Purpose of the repository.

This repository is inspired by Yelp DataSet Challenge Round 10. The original data can be retrieved from Yelp Dataset. We focus on a subset of the whole data, which is the restaurants from the state of Ohio. We tokenize the customers’ reviews and apply latent dirichelet allocation and multinomial logistic regression. Both methods provide insights about how customers’ review contribute to the ratings of restaurants.

How to use this repository.

The result of analysis is summarized in the ‘main.ipynb’ and please refer to it for a quick introduction to the repository.

Please use the yml file for the reference of the necessary environment and package dependencies for the scripts to run and use the Make file to automatically install the environment and run the Jupyter Notebook.
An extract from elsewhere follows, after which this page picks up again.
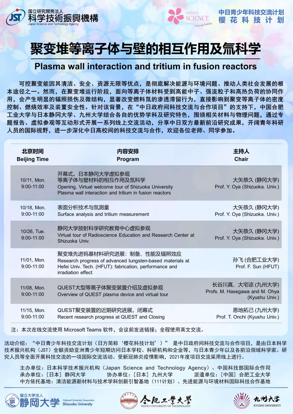 项目以“聚变堆等离子体与壁的相互作用及氚科学”为主题,围绕聚变堆材料与等离子体物理问题,线上实施专题报告、虚拟参观等系列活动,交流中日双方最新前沿研究成果,开阔青年科研人员的国际视野,深化双方高校间的科技交流与合作。

Please go to Yelp Dataset Challenge to download the Round 10 dataset before you run make. The dataset is about 5Gb JSON file and please uncompress them and store them in 'data' folder after you clone the repository.

This project is for academic use only and subject to the Yelp Dataset Challenge License:

License: Subject to the terms set forth in the Data Agreement (specifically the restrictions set
forth in Section 4 below), Yelp grants you a royalty-free, non-exclusive, revocable,
non-sublicensable, non-transferable, fully paid-up right and license during the Term to use,
access, and create derivative works of the Data in electronic form for academic purposes only.
You may not use the Data for any other purpose without Yelp?s prior written consent. You
acknowledge and agree that Yelp may request information about, review, audit, and/or monitor
your use of the Data at any time in order to confirm compliance with the Data Agreement.
Nothing herein shall be construed as a license to use Yelp?s registered trademarks or service
marks, or any other Yelp branding.

Structure of this repository.

Please find the data that analyzed in the data folder, relevant figures in the fig folder and results in the result folder.

Licensing.

This repository is licensed under the MIT license